EXERCISE DATA ::
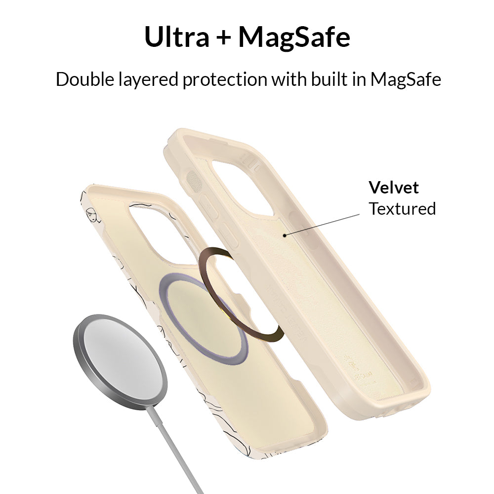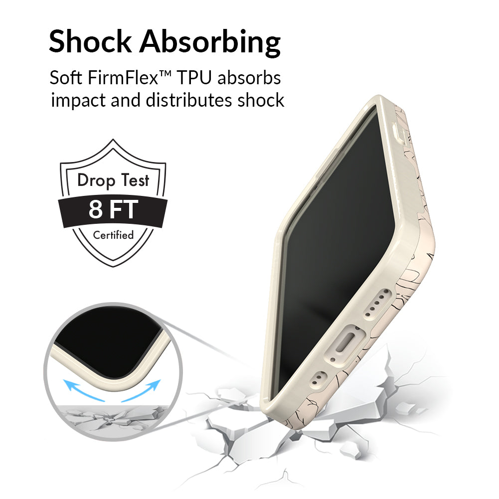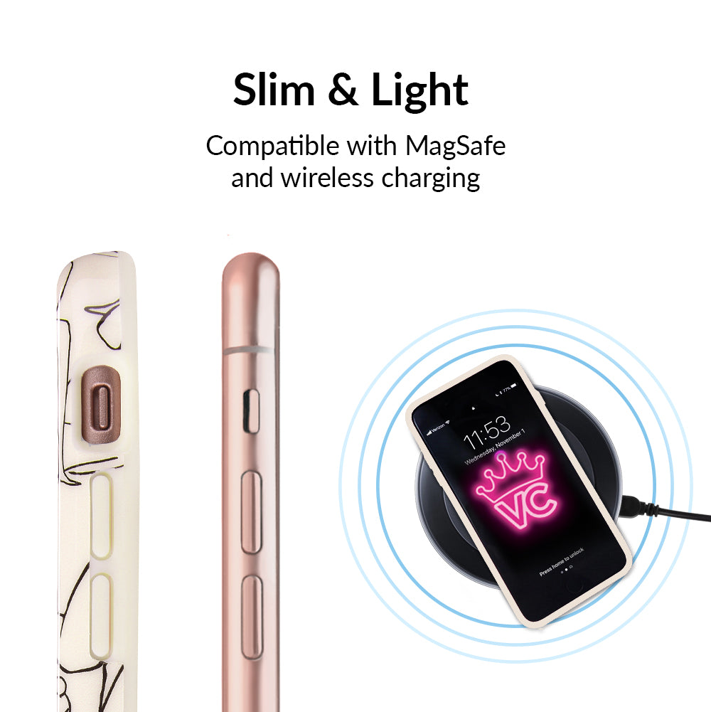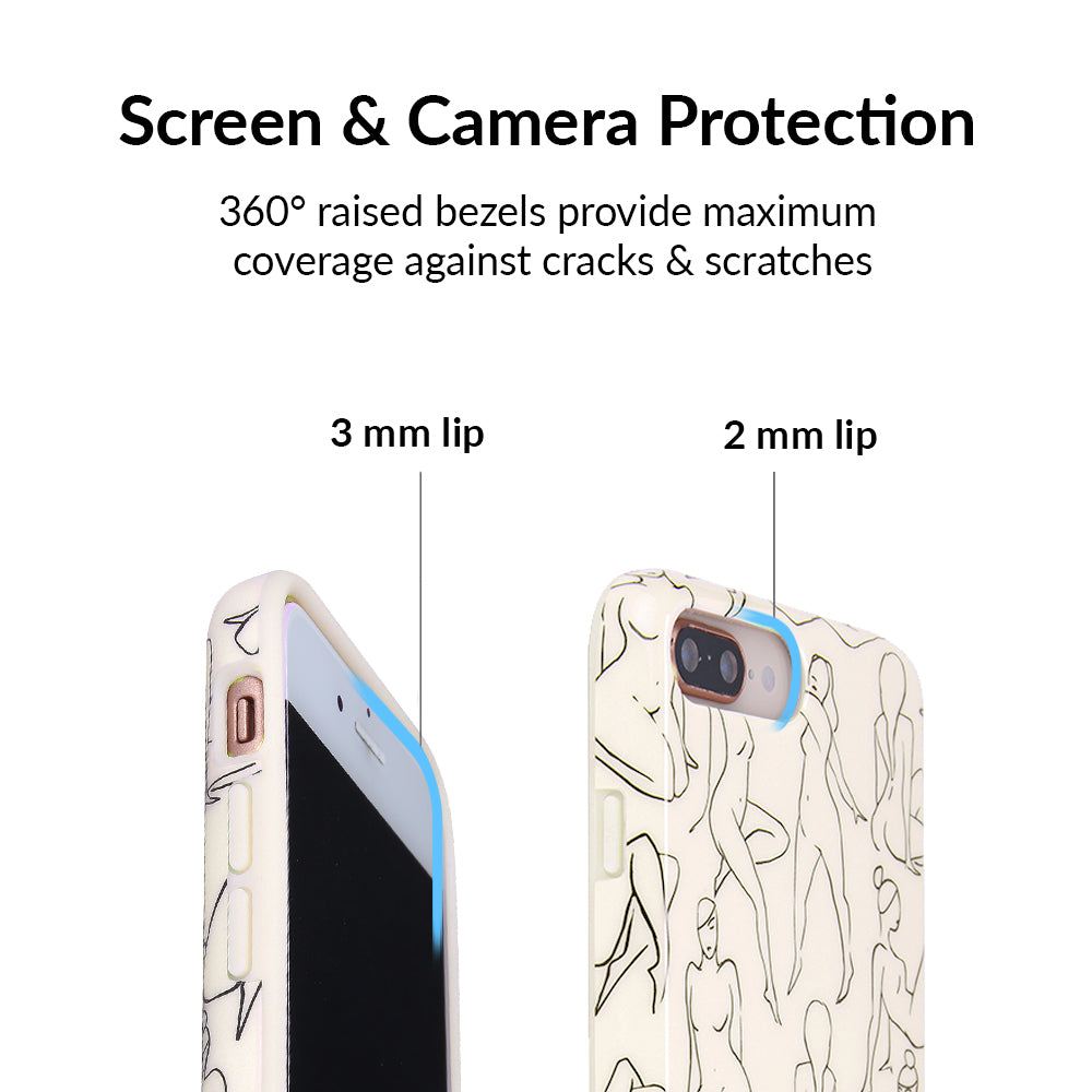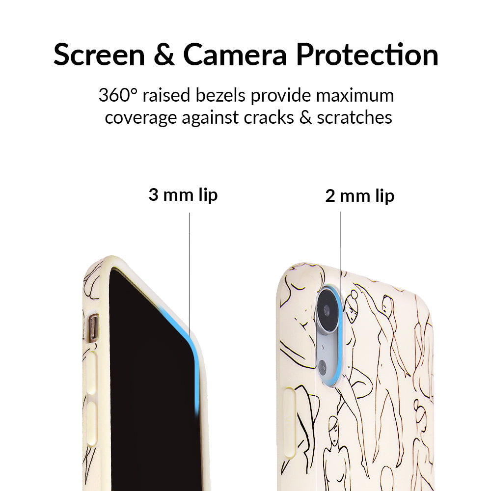 Project positivity! This protective case features a cream base with stunning line drawings of the female figure. It also has a matching bumper for added protection against drops!
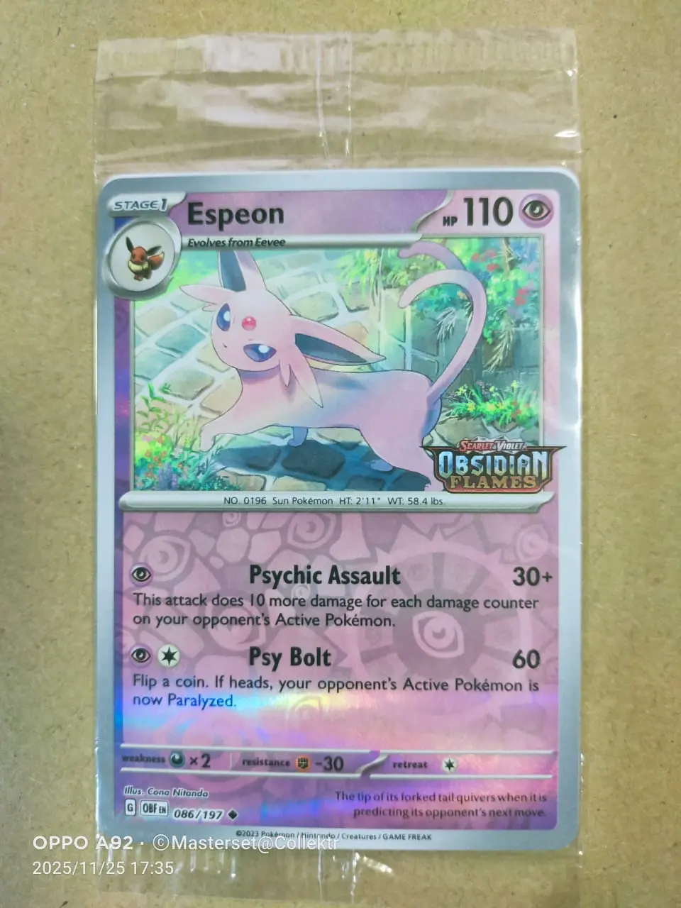(PAYDAY AUCTION) Obsidian Flames - 086/197 Espeon (Best Buy Stamped - Sealed) (Reverse Holo)
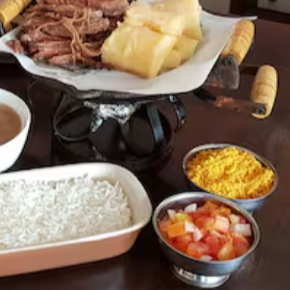 Costela desfiada com requeijão, coberta com purê de mandioca e parmesão gratinado, assada no forno a 200 graus. (400 g). Acompanha arroz branco (300 g).
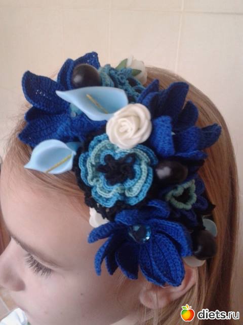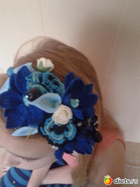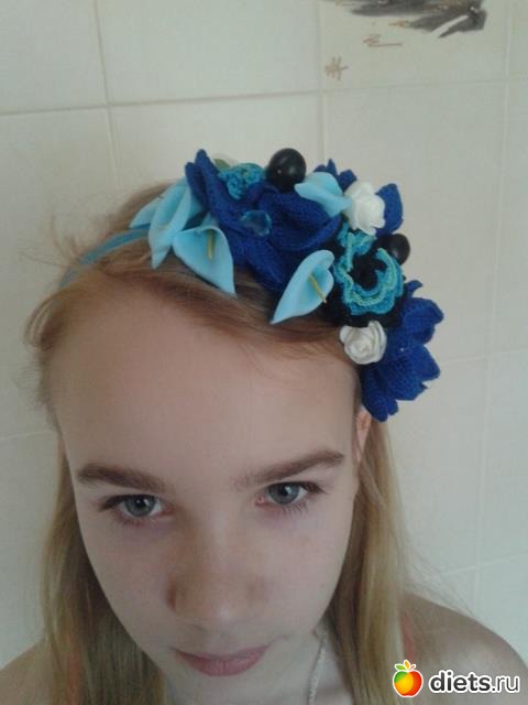 Это я по поводу обруча. Поскольку, я совершенно ничем не занята, то я вчера и сегодня состряпала к платью такую штуку. Только тсссс...что цветы синие не совсем такие по тону как на платье...вязать же нечем, а они скромно себе лежали еще с лета связанные, ну вот пришлось их... Из синего в доме были только голубые каллы и белые розочки, короче, если мне открыть магазин, то товар можно не подвозить еще пару недель...надеюсь рукодельницы меня поймут - все барахло это рукодельное хранится по всему дому. Вообще-то, он у меня первый, никогда обручи раньше не делала...
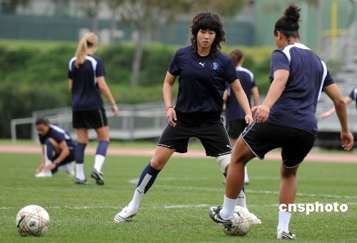 加盟美國洛杉磯太陽隊的中國女足隊員韓端三月二日與隊友一起參加新賽季開賽前的首次正式集訓(xùn)。韓端是中國國家女子足球隊的主力前鋒,曾征戰(zhàn)過兩屆奧運(yùn)會和女足世界杯等大賽。韓端加盟的洛杉磯太陽隊擁有一批世界頂級水平的女足球員,包括世界“足球小姐”巴西前鋒瑪塔。中新社發(fā) 張煒 攝
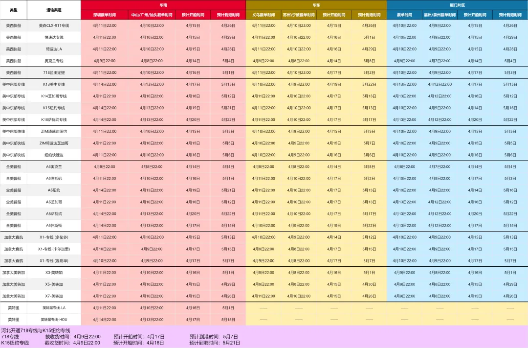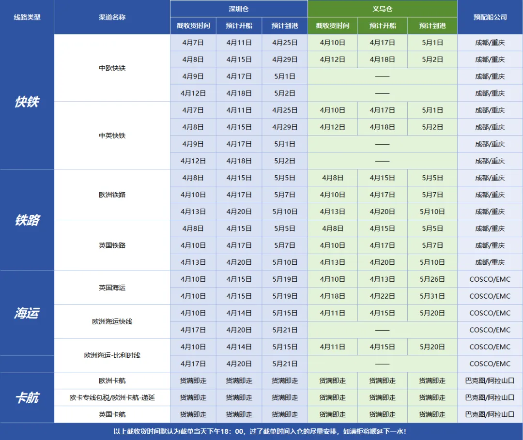 凯琦渠道 | 4月第1周发货时效 &4月第2周装柜计划
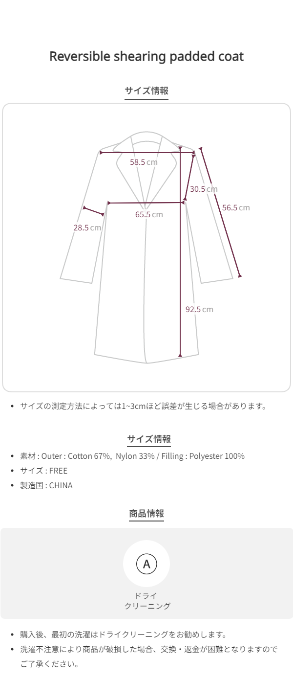 - 配色のリバーシブルカラーでまったく異なる雰囲気のスタイリングが可能で、しっかりとした厚みの中綿が加わり保温性も優れています。
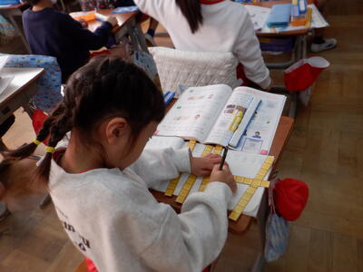 | 1年生の国語では、「くわしく きこう」の学習を行いました。 今日は、子どもたちが自分で選んだ“友だちに紹介したい本”を、班の中で発表しました。 小さな体で一生懸命に本を抱え、言葉を選びながら紹介する姿は、とても頼もしく感じられました。 発表を聞いていた友だちからは、 「もっと知りたい」 「その本、読んでみたい」 と、素直な気持ちがあふれる質問が次々と出てきました。 本の魅力を伝えようとすることで、子どもたちの語彙が増え、表現する力も少しずつ育っていきます。 また、友だちの話をよく聞き、自分の言葉で返す経験は、1年生にとって大切な学びのひとつです。 教室には、子どもたちの「知りたい」「伝えたい」がやさしく広がり、あたたかな時間が流れていました。 |
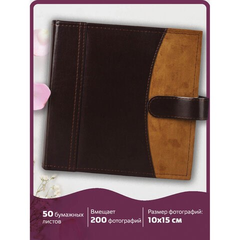 Состоит из 50 бумажных листов размером 15,5х21 см с карманами и вмещает 200 фотографий размером 10х15 см по 2 штуки на странице. Обложка фотоальбома скомбинирована из материалов под глянцевую кожу и замшу в коричневых тонах, которая украшена застежкой на липучке. Фотоальбом с книжным переплетом отличается повышенной прочностью и долгим сроком службы. Имеются поля для подписей. Размер - 20,7х21,8 см.
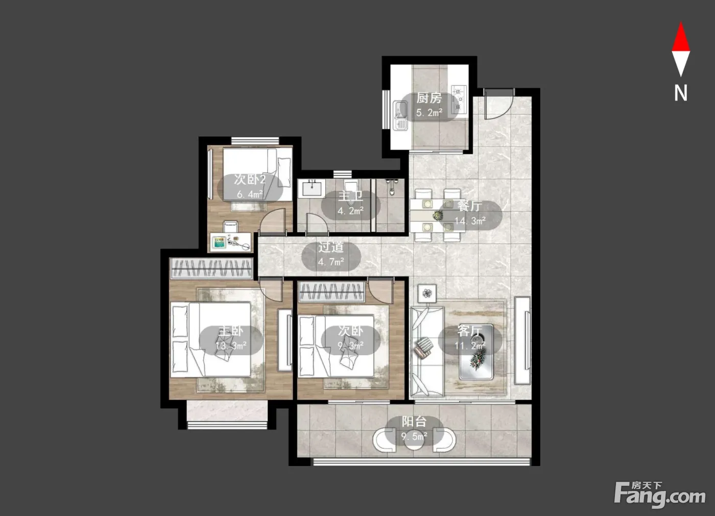 户型齐全,主打户型方正,卧室朝南三居
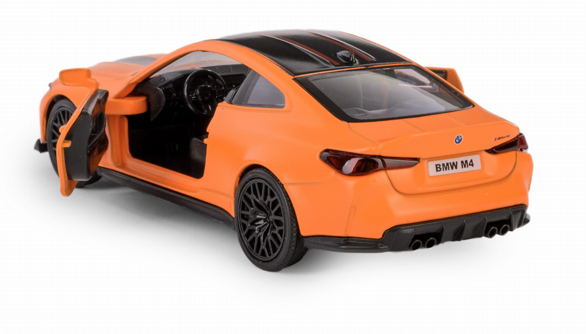 BMW M4 CSL 2023 w skali 1:38 od marki Daffi to starannie odwzorowany model sportowego auta, który od razu przyciąga wzrok matowym, pomarańczowym lakierem.
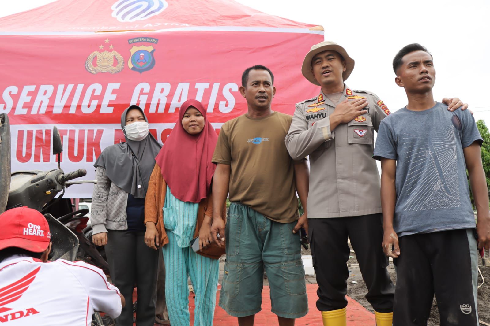 “Program servis motor gratis ini kami laksanakan untuk meringankan beban masyarakat yang terdampak pascabencana. Kami memahami bahwa banyak warga yang kehilangan harta benda, pekerjaan, bahkan tempat tinggal. Karena itu, Polri ingin hadir bukan hanya memberikan bantuan materi, tetapi juga memberikan harapan agar masyarakat bisa bangkit. Mobilitas harus pulih, ekonomi harus bergerak, dan kita harus saling menguatkan,” ujar AKBP Wahyu Endrajaya.
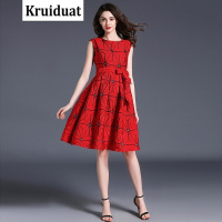 Kruidvat几何提花圆领无袖背心系带连衣裙夏2017

YOUR ASSIGNMENT :: Transcribe exactly the lines above, beginning at the one with "- 配色のリバーシブルカラー" and going up to and including the one with "発表を聞いていた友だちからは、 「もっと知りたい」 「その本、読んでみたい」". Pictures do not belong in the copy.

RESPONSE TO THIS EXERCISE ::
 - 配色のリバーシブルカラーでまったく異なる雰囲気のスタイリングが可能で、しっかりとした厚みの中綿が加わり保温性も優れています。
 | 1年生の国語では、「くわしく きこう」の学習を行いました。 今日は、子どもたちが自分で選んだ“友だちに紹介したい本”を、班の中で発表しました。 小さな体で一生懸命に本を抱え、言葉を選びながら紹介する姿は、とても頼もしく感じられました。 発表を聞いていた友だちからは、 「もっと知りたい」 「その本、読んでみたい」 と、素直な気持ちがあふれる質問が次々と出てきました。 本の魅力を伝えようとすることで、子どもたちの語彙が増え、表現する力も少しずつ育っていきます。 また、友だちの話をよく聞き、自分の言葉で返す経験は、1年生にとって大切な学びのひとつです。 教室には、子どもたちの「知りたい」「伝えたい」がやさしく広がり、あたたかな時間が流れていました。 |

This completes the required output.